Provided is a fluid control system including upstream-side and downstream-side base blocks, each defining a flow path provided with flow path ports, including a screw hole and a screw hole formed between the two flow path ports in longitudinal directions, and coupling to the upstream-side and downstream-side base blocks and a body of a fluid device by tightening bolts. End portions of the upstream-side and downstream-side base blocks are coupled to each other by the tightening bolts.

Description

FIELD OF THE INVENTION

The present invention relates to a fluid control system with fluid devices, including a fluid control device, integrated therein, a base block used therefor, and a method for manufacturing the fluid control system that uses the base block.

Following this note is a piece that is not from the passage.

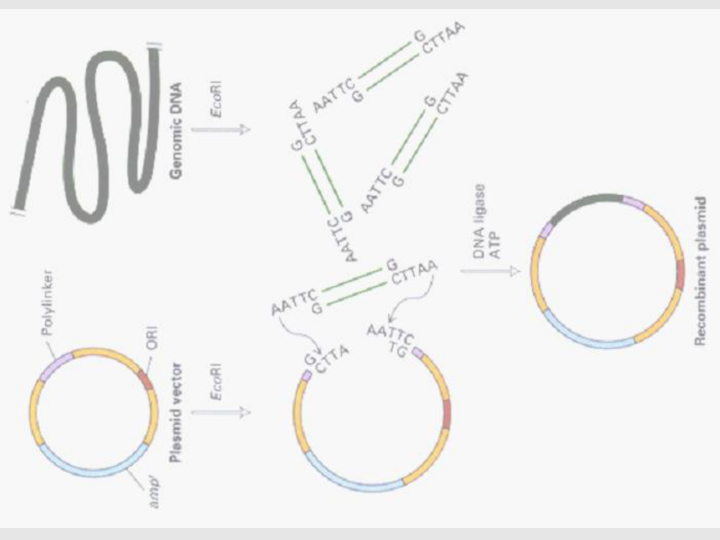 Clonagem de DNA CLONAGEM DE DNA • CLONAGEM: é multiplicar assexuadamente. Na Biologia Molecular, significa mais especificamente crescer uma colônia de bactérias a partir de uma célula única. Clonagem de genes é essencialmente o processo de amplificar seletivamente um gene particular, incorporando-o numa bactéria e clonando a bactéria. Primeiros experimentos bem sucedidos de clonagem foram mostrados no início da década de 1970. Avanços conceituais e tecnológicos que contribuíram para a técnica de clonagem: • Na década de 60: identificação de pequenas moléculas de DNA circular denominadas plasmídeos, que carregam genes de resistência bacteriana a antibióticos. • No final da década de 60: descoberta e caracterização de endonucleases de restrição (Werner Arber, Hamilton Smith, Daniel Nathans; H. Smith e T. Kelly) • 1967: Gellert - purificação da enzima DNA ligase • 1972: Janet Mertz e Ronald Davis – usaram DNA ligase para juntar fragmentos digeridos com Eco RI. • 1972: o grupo de Paul Berg conseguiu inserir genes do bacteriofago l e genes de E. coli no genoma do virus SV40, construindo moléculas recombinantes Por que clonar? • Sequenciamento de DNA • Separar fragmentos de DNA em clones independentes • Estudar a transcrição e a tradução do gene • Fazer estudos de expressão funcional • Sintetizar proteínas para produção de anticorpos • Sintetizar proteínas para uso terapêutico • etc, etc Para clonar é necessário um VETOR Um vetor de clonagem é uma molécula de DNA que tem 3 características fundamentais: • É capaz de replicar independentemente do cromossomo da célula hospedeira. • Organismos contendo o vetor devem poder se desenvolver preferencialmente em um dado meio, porque o vetor confere ao organismo alguma propriedade física ou química, ou ambas, que lhe permite este crescimento preferencial. • O vetor aceita a inserção de DNA adicional em sua molécula de DNA. Enzimas de restrição foram primeiramente identificadas pela sua capacidade de restringir o crescimento de certas viroses em algumas linhagens de E. Coli. Por isso, foram denominadas enzimas de restrição. Essas enzimas fazem parte do mecanismo natural de defesa das bactérias contra a invasão de DNA estranho. Enzimas de restrição Sítios de reconhecimento para enzimas de restrição são curtas sequências reconhecidas e clivadas por várias endonucleases Bactérias com endonucleases de restrição também têm as enzimas correspondentes que metilam as bases específicas no sítio de reconhecimento, assim o seu próprio DNA fica protegido de autodigestão. OH P OH P As enzimas de restrição catalizam a quebra da ligação fosfoéster (hidrólise) entre o oxigênio na posição 3’ de uma base, e o fosfato ligado ao oxigênio na posição 5’ da base seguinte. Enzimas de restrição Corte com extremidades rombas “blunt ends” Corte com extremidades coesivas “stick ends” 5´ pendente ou 3´ pendente A enzima se movimenta ao longo da “major groove” (difusão linear). Quando a seqüência específica é encontrada, há um notável rearranjo estrutural, tanto da enzima quanto do DNA. O DNA sofre uma dobra de cerca de 50o no centro do sítio de reconhecimento. Mg2+ é essencial para a hidrólise e entra no sítio catalítico apenas quando a seqüência alvo é encontrada. Eco RV endonuclease : 5’ G - A - T - A - T - C 3’ 3’ C - T - A - T - A - G 5’ Fragmentos produzidos pela clivagem dos ~36 kb do DNA genômico de adenovirus 2 com Eco RI e Hind III Exemplo de clivagem com enzima de restrição GAATTC CTTAAG AAGCTT TTCGAA Algumas endonucleases de restrição e seus sítios de reconhecimento As enzimas são nomeadas com as abreviações das linhagens de bactérias das quais foram isoladas As duas enzimas da técnica de clonagem de DNA: - Enzimas de restrição •1962 - Arber - ENZIMAS DE RESTRIÇÃO - DNA ligases •1967 – Gellert - DNA LIGASE Extremidades pendentes menores que 15 nucleotídeos não fornecem pareamentos estáveis na temperatura de 37oC. Para que os diferentes segmentos de DNA permaneçam juntos (o plasmídeo e o DNA que se quer clonar) é preciso restabelecer a ligação fosfoester com a LIGASE. Tipos de vetores usados para clonagem Os vetores de clonagem pertencem a duas classes gerais: - Plasmídeos - Fagos Clonagem de DNA usando plasmídeos como vetores Plasmídeos • Pequenas moléculas circulares de DNA dupla fita, não incorporadas ao genoma das bactéria • São formas autoreplicativas de DNA Todas as enzimas necessárias para a replicação de um Plasmídeo são produzidas pela bactéria hospedeira, embora proteínas codificadas pelo plasmídeo auxiliem na regulação de sua replicação. Plasmídeos utilizados para clonagem foram construídos a partir de fragmentos do plasmídeo pBR-322 de E. coli. • Todos os plasmídeos usados como vetor devem ter: • “REPLICATOR” ou origem de replicação • Marcador de seletividade • Sítio de clonagem Origem de replicação (replicator, replicon): é uma sequëncia específica do plasmídeo, com cerca de 1.000 pb, na qual tem início a replicação do DNA. Neste local há um conjunto de elementos regulatórios envolvidos no controle do número de cópias do plasmídeo que serão feitas numa única bactéria. No pBR322: replicon pMB1 - há produção de 15 a 20 cópias/célula No pBlue Script: forma mutada do mesmo replicon – há produção de 500 a 700 cópias/célula MARCADOR DE SELETIVIDADE O marcador de seletividade permite a identificação da bactéria que recebeu o plasmídeo. No vetor ao lado, são genes que codificam proteínas que degradam antibióticos. Amp: betalactamase que degrada ampicilina Seqüência “polylinker” ou “multiple-cloning-site” (MCS) que inclui uma cópia do sítio de reconhecimento para cada uma das 10 enzimas indicadas Plasmídeo UC19 O sítio de clonagem consiste de uma seqüência de nucleotídeos que corresponde

DESCRIPTION OF THE BACKGROUND ART

In various manufacturing processes such as a semiconductor manufacturing process, a fluid control system called an integrated gas system (IGS; registered trademark), in which various fluid control devices, such as a switch valve, a regulator, and a mass flow controller, are integrated and housed in a box, is used to supply an accurately measured process gas to a process chamber (refer to Patent Documents 1 to 3, for example). This box with the IGS (registered trademark) housed therein is called a gas box.

In such an IGS (registered trademark), integration is achieved by arranging, in place of a pipe joint, an installation block (hereinafter referred to as “base block”) that forms a flow path in a longitudinal direction of a base plate, and installing various fluid devices, such as a plurality of fluid control devices and joint blocks to which pipe joints are connected, on this base block.

PATENT DOCUMENTS

Patent Document 1: Japanese Laid-Open Patent Application No. 2008-298177

Patent Document 2: Japanese Laid-Open Patent Application No. 2016-050635

Patent Document 3: WO2008/149702

SUMMARY OF THE INVENTION

Problems to be Solved by the Invention

To control the supply of a process gas of various manufacturing processes, higher responsiveness is required. To this end, the fluid control system needs to be made more compact and integrated to the extent possible to install the system closer to the process chamber that is the supply destination of the fluid.

Along with increase in the size of the objects to be processed, such as the increase in size of the diameter of the semiconductor wafer, it becomes necessary to also increase a supply flow rate of the fluid supplied from the fluid control system into the process chamber.

As the fluid control system is made more compact and integrated, the assembly work becomes difficult and the assembly man-hours increase. Further, the maintainability of the system also deteriorates. In particular, when the block on which the fluid devices are installed is made more compact, various problems arise such as a decrease in a support rigidity of the block, difficulty in processing the flow path, and difficulty in securing a forming region of through holes for fixing the block to the base plate with bolts.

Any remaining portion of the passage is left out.